When that line is at dead bottom, pistons 1 and 4 will be at TDC. You will have verified that #1 is at the top of its compression stroke with the finger in the whole and wire tricks. To verify that the mark is at dead botttom, first dab some durable paint on the front end of the line that you cleaned up, then replace the halfmoon cover. Depending on which cover you have, your paint mark should align with either the vertical line in the stamped cover, or the nub cast into the inside of the cast cover.

When lined up in that fashion, you are good to go with the timing instructions in your manual.
 
See my note above re general getting there, but what your note here describes, you may find your timing out by 180*.

The SINGLE punch mark on the cam gear lines up with the single punch mark on the crankshaft gear.
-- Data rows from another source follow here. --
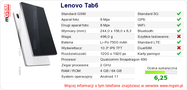 Dane telefonu Lenovo Tab6 na Twojej stronie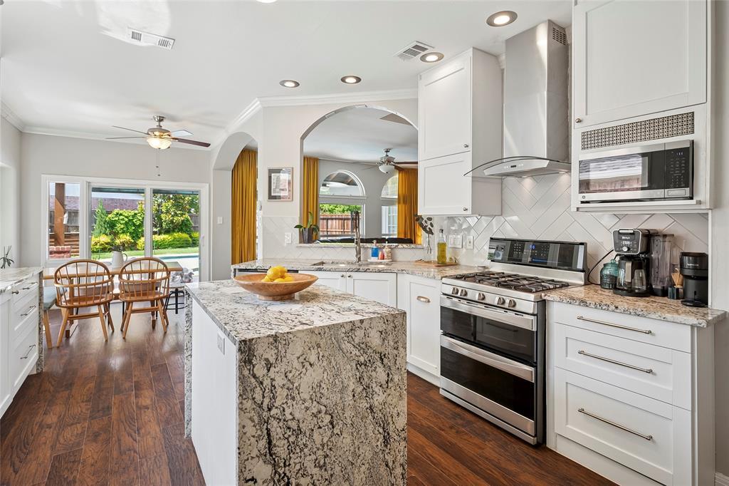 The living room centers around a sleek, modern gas fireplace (updated 2023), while the chef’s kitchen stuns with granite waterfall countertops, herringbone backsplash, and 9-ft custom cabinets (installed 2023) featuring soft-close drawers, under-cabinet lighting, and a stainless-steel vent hood. A 2023 Pella sliding glass door with built-in custom doggy door opens to your backyard oasis—complete with a covered patio, firepit, herb garden, and shed.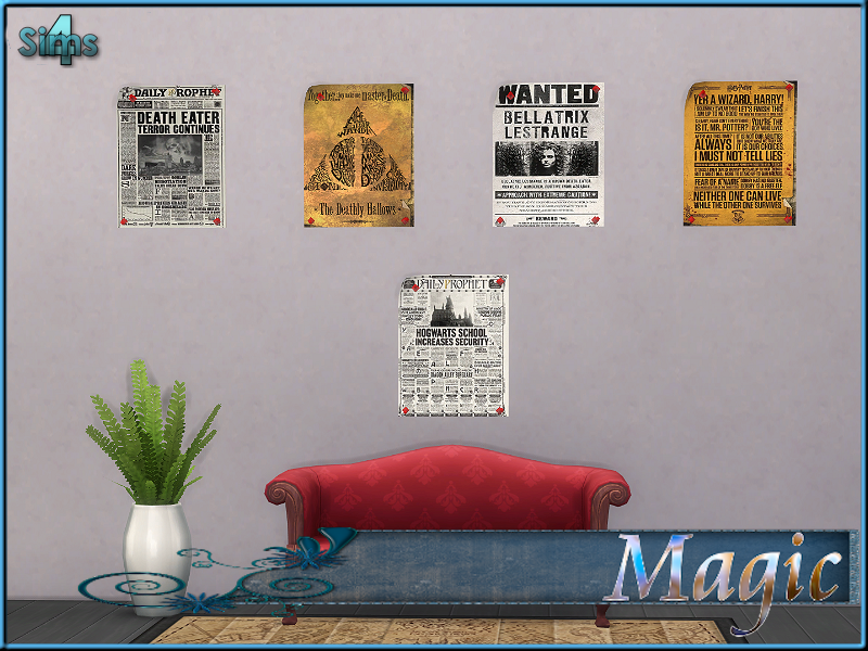 5 Poster in einer Dateiby Magic Was wird benötigt? Sims4 Ersteller Magic Costum Content enthalten? nein Dateien PostersetHP-Magic-1.zip 1,02 MB (470 Downloads)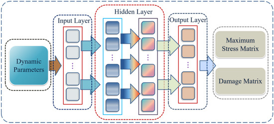 It should be noted that the elements in the same position of the maximum stress matrix and the damage matrix originate from the same history and attention should be paid to the correlation between the two elements when fitting the neural network to avoid errors due to independent assumptions and fitting with different input parameters. Neural network models can capture complex nonlinear relationships between input data and output data through multi-layer structures and activation functions. Neural networks can effectively handle high-dimensional data, utilize their powerful representation to extract effective features, which can maintain good prediction performance on new data to avoid overfitting. Therefore, neural network models have very obvious advantages in data fitting. In order to complete the stochastic stress characterization based on the above stress analysis results using the neural network technique for data fitting, the fitted input parameter matrix within the ith TP is listed as follows: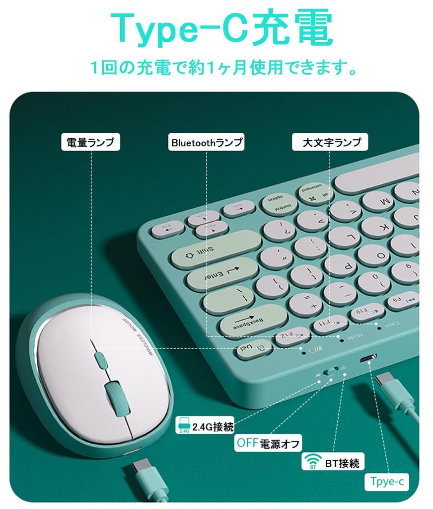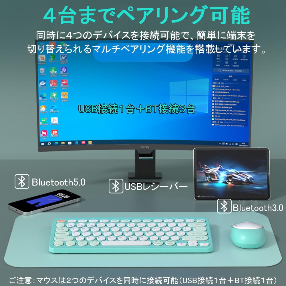 [Множественное подключение, 2,4 ГГц и Bluetooth 5.0] Беспроводной набор клавиатуры и мыши, Милый, Поддержка нескольких сопряжений, Поддержка до 4 устройств одновременно, Тихий,
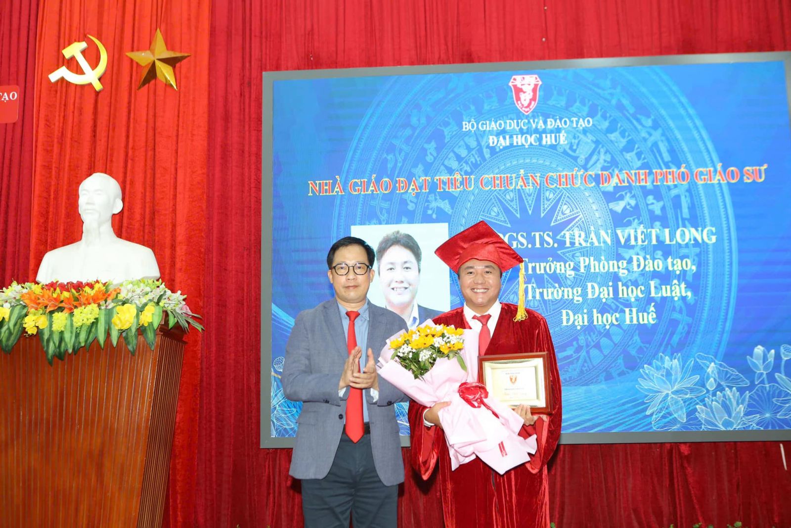 Tại lễ công bố quyết định và trao giấy chứng nhận, Giám đốc Đại học Huế biểu dương những cống hiến không ngừng nghỉ và thành tích xuất sắc của các nhà giáo. Giám đốc Đại học Huế tặng giấy khen và phần thưởng cho PGS.TS. Trần Viết Long, 01 trong 05 nhà giáo được công nhận đạt tiêu chuẩn chức danh Phó Giáo sư trước 40 tuổi.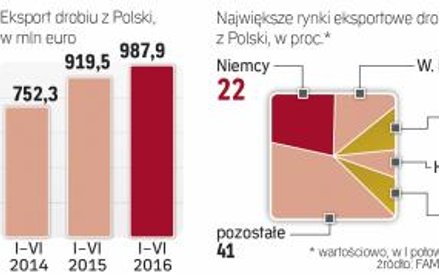Produkcja drobiu rośnie nad Wisłą głównie za sprawą eksportu. W tym roku, jak szacuje IERiGŻ, sprzedamy za granicę 1123 tys. ton mięsa drobiowego, o 17 proc. więcej niż w 2015 r. Dodatnie saldo w jego handlu zagranicznym może przekroczyć 1,9 mld euro. Przed rokiem wyniosło niespełna 1,7 mld euro.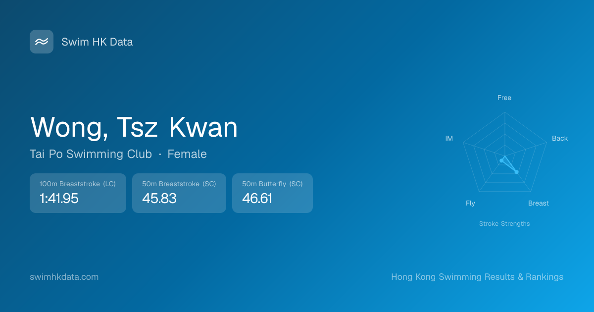 | 50m Butterfly | 46.61 2017-03-07 | 61 | 12 | 2017-03-07 |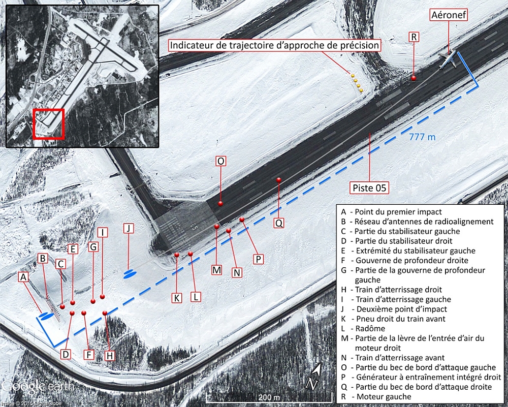 Environ 1 seconde avant le premier impact avec le relief, le PC a avancé les manettes de poussée à la butée de décollage-remise des gaz avec sollicitation maximale de cabré du manche latéral. Un des pneus du train d'atterrissage principal gauche a heurté un feu d'approche situé à 861 pieds du seuil de piste. À 0 h 30 min, le train principal de l'aéronef, le dessous de la partie arrière du fuselage et le capot du moteur gauche ont percuté le sol enneigé sur le côté sud du talus dont l'inclinaison montait vers la surface de la piste. L'aéronef a alors percuté le réseau d'antennes de radioalignement et a poursuivi sa course avant de percuter le sol à 2 autres reprises et de glisser sur la piste. L'aéronef s'est immobilisé à quelque 1900 pieds au-delà du seuil de piste. Pendant ces mouvements, il y a eu perte totale d'alimentation électrique dans l'aéronef. Les lumières à l'intérieur de la cabine se sont éteintes, et l'éclairage d'urgence s'est allumé automatiquement.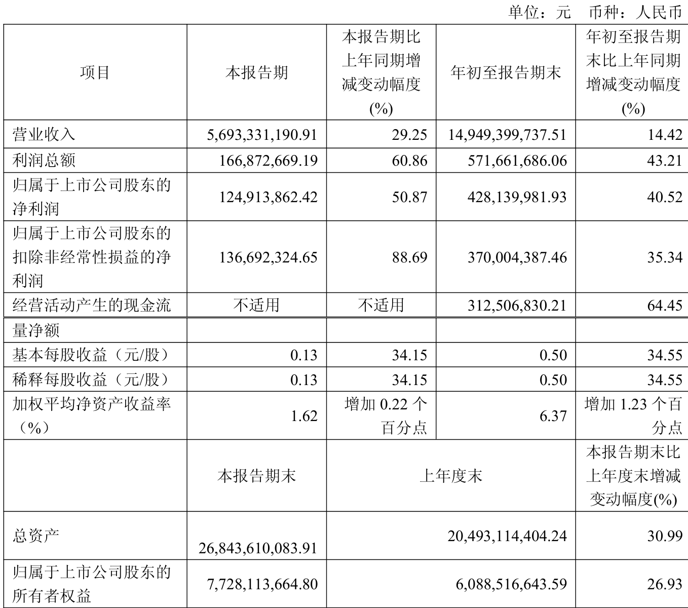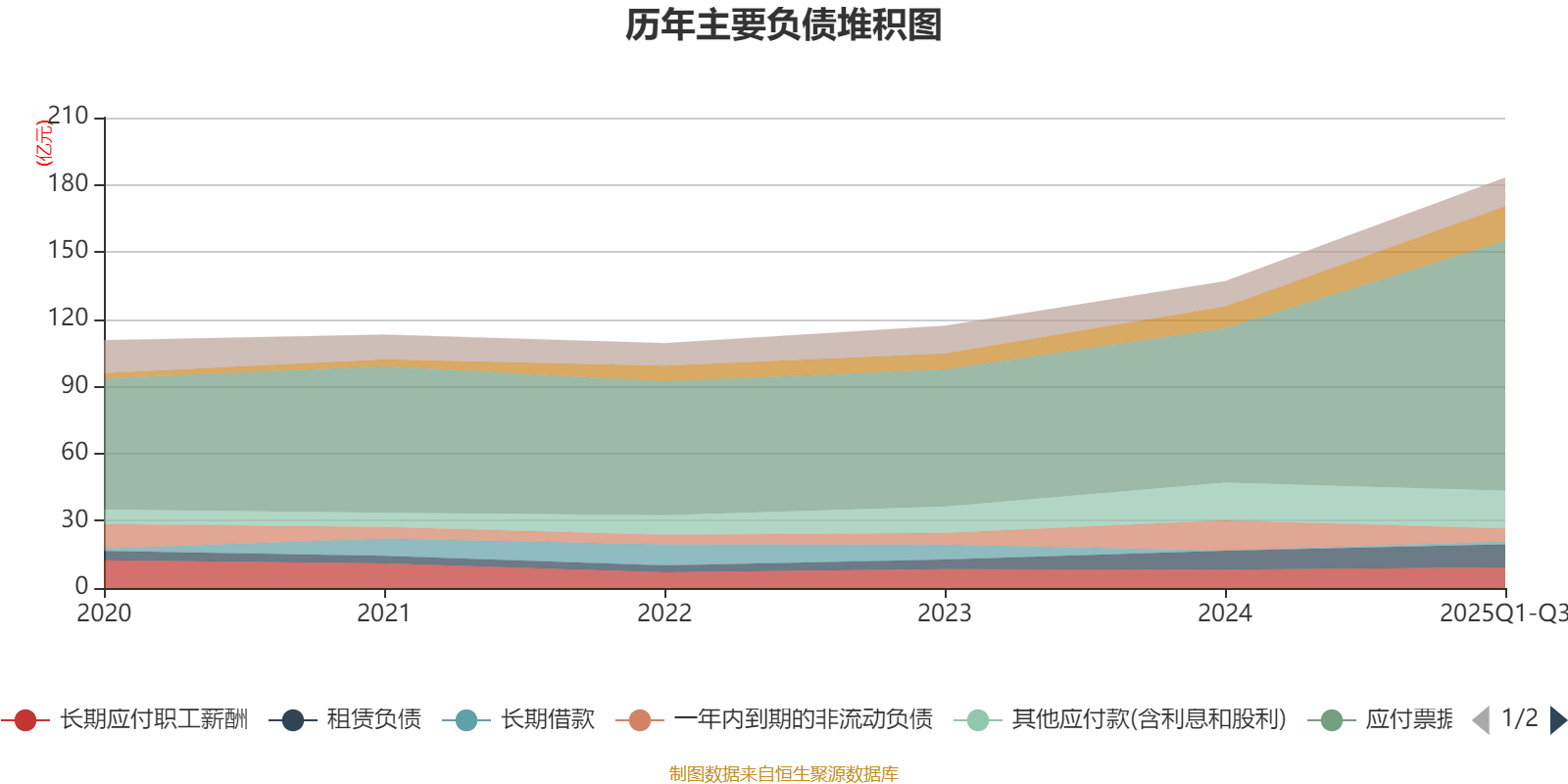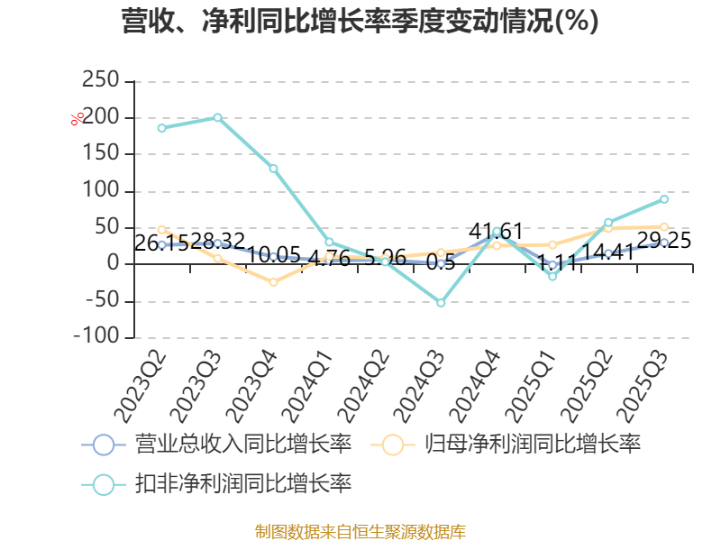 负债重大变化方面,截至2025年三季度末,公司应付票据及应付账款较上年末增加61.8%,占公司总资产比重上升7.91个百分点;一年内到期的非流动负债较上年末减少56.64%,占公司总资产比重下降4.36个百分点;其他应付款(含利息和股利)较上年末减少0.3%,占公司总资产比重下降1.97个百分点;短期借款较上年末增加59.56%,占公司总资产比重上升1.03个百分点。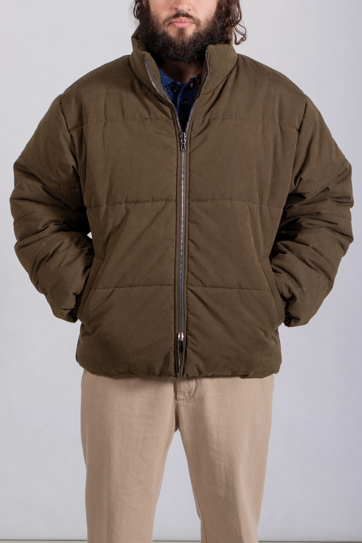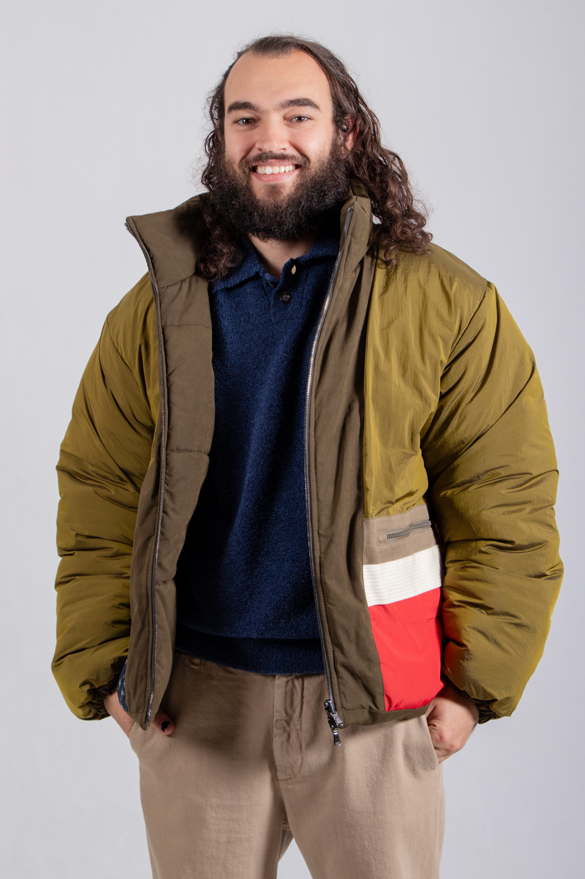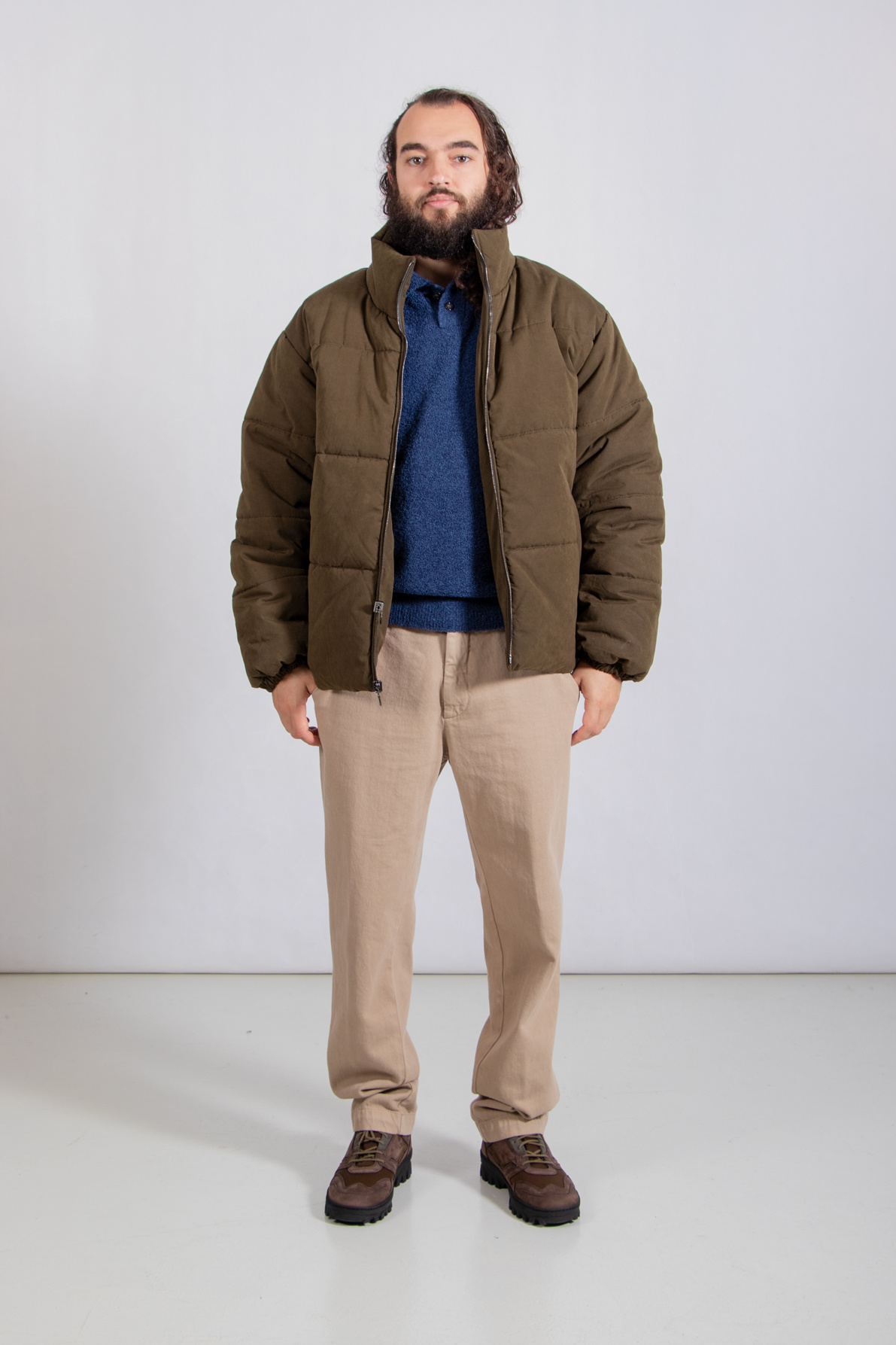 De Tobias Peach-jas van Homecore uit Parijs. Deze omkeerbare jas is gewatteerd, heeft een hoge kraag, diepe zakken en een patroon aan de binnenkant. Ons model is 180 cm lang en draagt maat XL. Lees meer

Alignment between the cam and governor/ignition gears is made on the DOUBLE punch marks.
 
You are going to remove the gov housing again as the dots arent correct if you placed the single dot on the gear between the two on the cam gear. The SINGLE on the cam gets lined to the Single on the gov gear you are way out of time the valves arent even close to make it run. When the dots are lined up correct not only is the gear that runs the mag in time the camshaft itself is way out of time. You need a good lite and clean up the cam gear good to find the single dot. Remove the plugs so you can turn the engine over with fan or crank its going to be fun but you can do it. ifn ya needs some help you can call 319-430-3907
 
When No1 piston is at TDC on the compression stroke both valves on No1 piston should be closed. Then rotate the rotor to the No1 plug tower which is about 1 o'clock and then install your mag. Hal
PS: Once you feel that compression against your thumb drop a long plastic straw on top of the piston and you watch the straw rise as a helper hand cranks the engine slowly.
 
To many football games the gov gear has the two dots and lines up with the two dots on the cam gear. They can be hard to see sometimes.